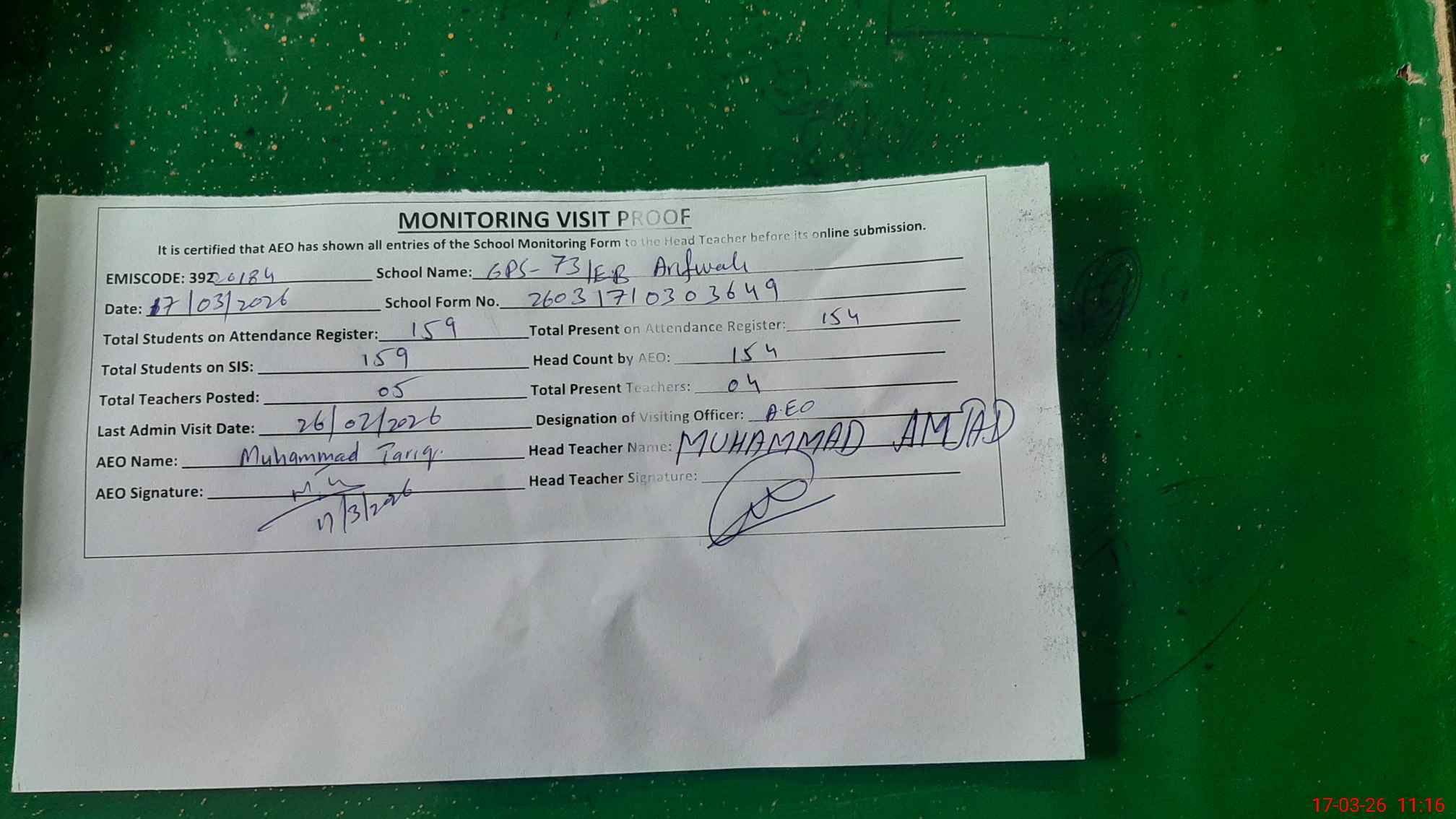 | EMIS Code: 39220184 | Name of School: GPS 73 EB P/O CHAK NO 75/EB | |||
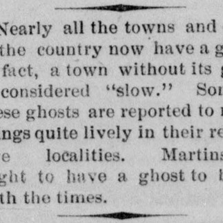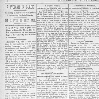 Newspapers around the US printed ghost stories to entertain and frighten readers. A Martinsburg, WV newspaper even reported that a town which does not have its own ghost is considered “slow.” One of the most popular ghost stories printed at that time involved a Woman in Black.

* * *

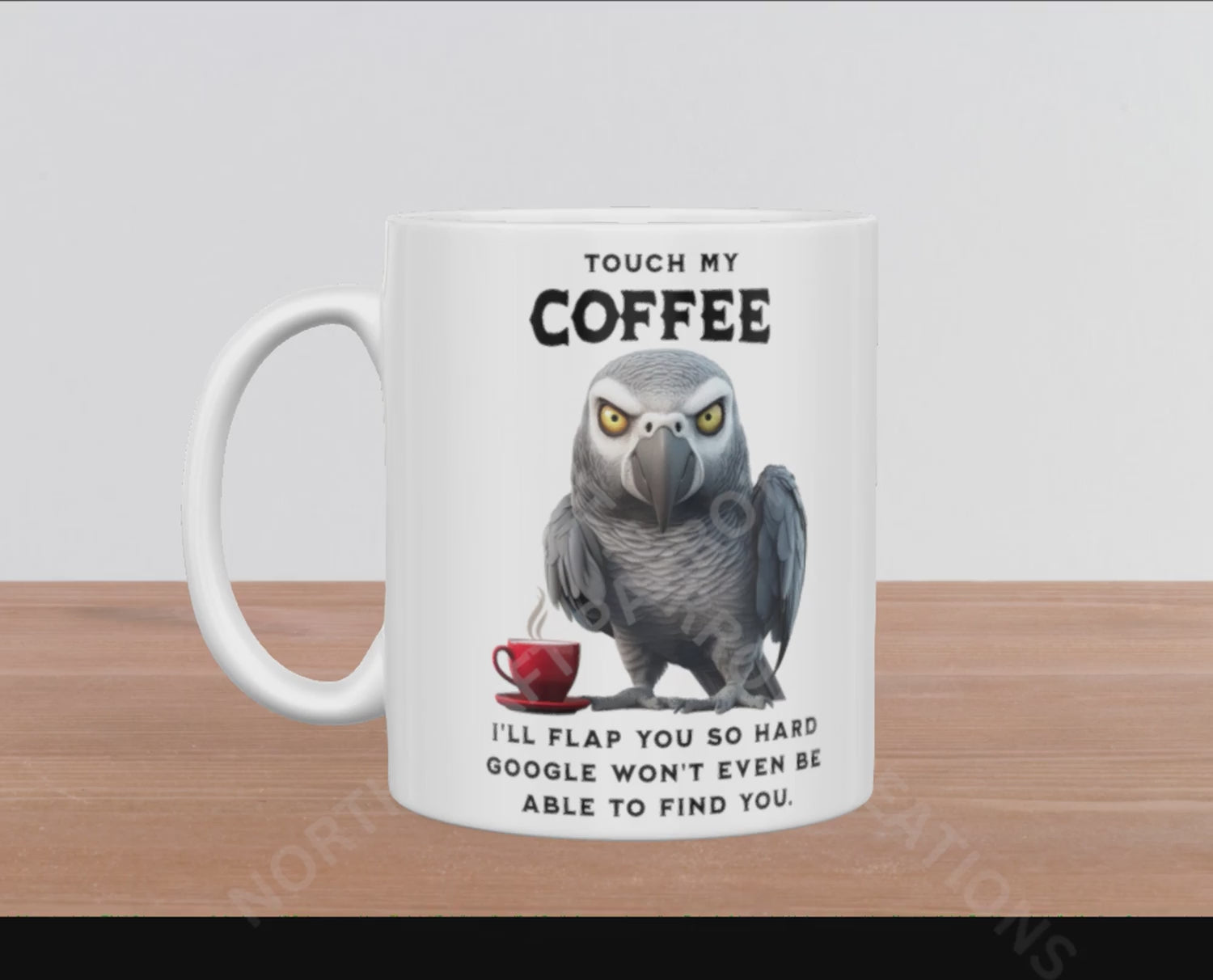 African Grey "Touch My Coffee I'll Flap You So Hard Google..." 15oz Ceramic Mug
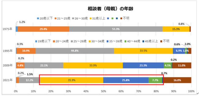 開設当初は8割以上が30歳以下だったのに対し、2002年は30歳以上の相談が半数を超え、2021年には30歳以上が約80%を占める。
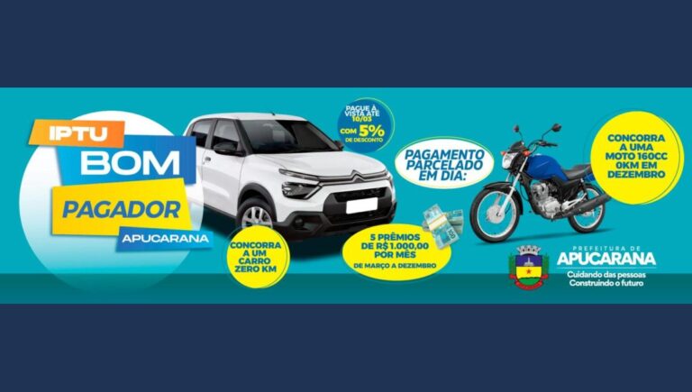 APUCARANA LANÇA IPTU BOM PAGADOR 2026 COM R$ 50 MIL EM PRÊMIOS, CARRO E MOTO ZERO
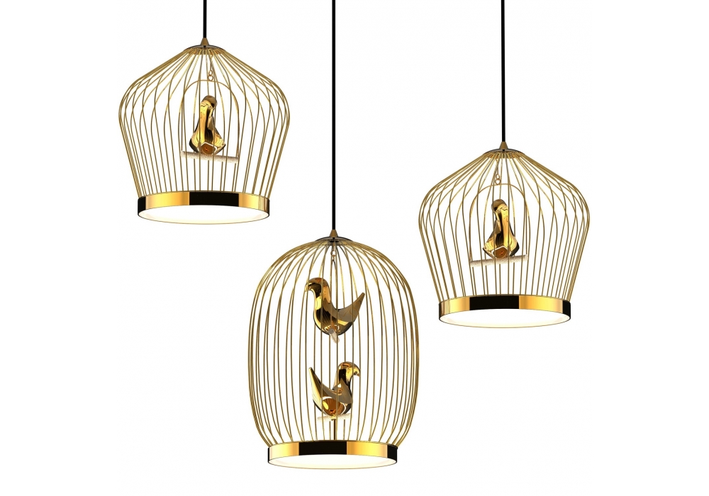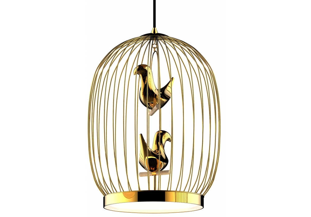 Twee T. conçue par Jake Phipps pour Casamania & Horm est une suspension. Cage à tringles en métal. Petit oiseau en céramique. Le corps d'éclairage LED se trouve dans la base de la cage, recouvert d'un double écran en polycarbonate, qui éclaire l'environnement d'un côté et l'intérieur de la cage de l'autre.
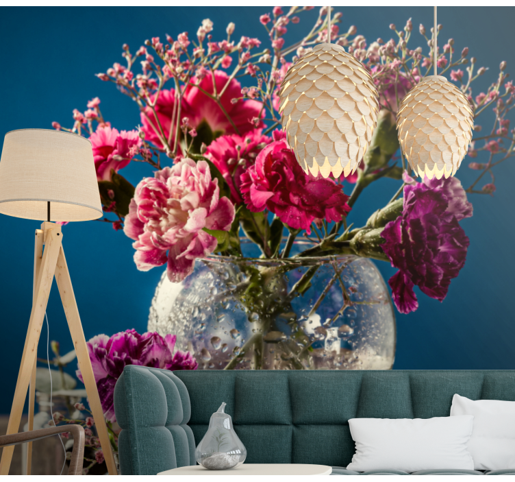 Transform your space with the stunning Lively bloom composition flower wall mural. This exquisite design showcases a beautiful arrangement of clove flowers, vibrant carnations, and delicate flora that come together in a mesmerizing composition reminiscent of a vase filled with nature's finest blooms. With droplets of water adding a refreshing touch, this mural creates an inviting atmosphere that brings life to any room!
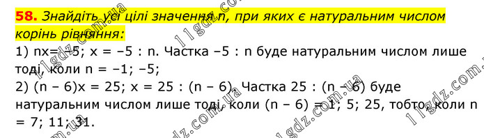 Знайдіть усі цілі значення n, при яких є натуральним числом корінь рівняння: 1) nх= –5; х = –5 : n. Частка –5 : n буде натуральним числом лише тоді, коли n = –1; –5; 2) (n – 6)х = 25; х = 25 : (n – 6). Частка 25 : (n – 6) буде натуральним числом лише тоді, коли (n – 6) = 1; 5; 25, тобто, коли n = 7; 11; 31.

- EXERCISE: Among the entries above, take the lines from the one with "NO 75/EB | |||" through the one with "Newspapers around the" and retype them exactly, leaving out the pictures.

- SOLVED EXERCISE:
 | EMIS Code: 39220184 | Name of School: GPS 73 EB P/O CHAK NO 75/EB | |||
 Newspapers around the US printed ghost stories to entertain and frighten readers. A Martinsburg, WV newspaper even reported that a town which does not have its own ghost is considered “slow.” One of the most popular ghost stories printed at that time involved a Woman in Black.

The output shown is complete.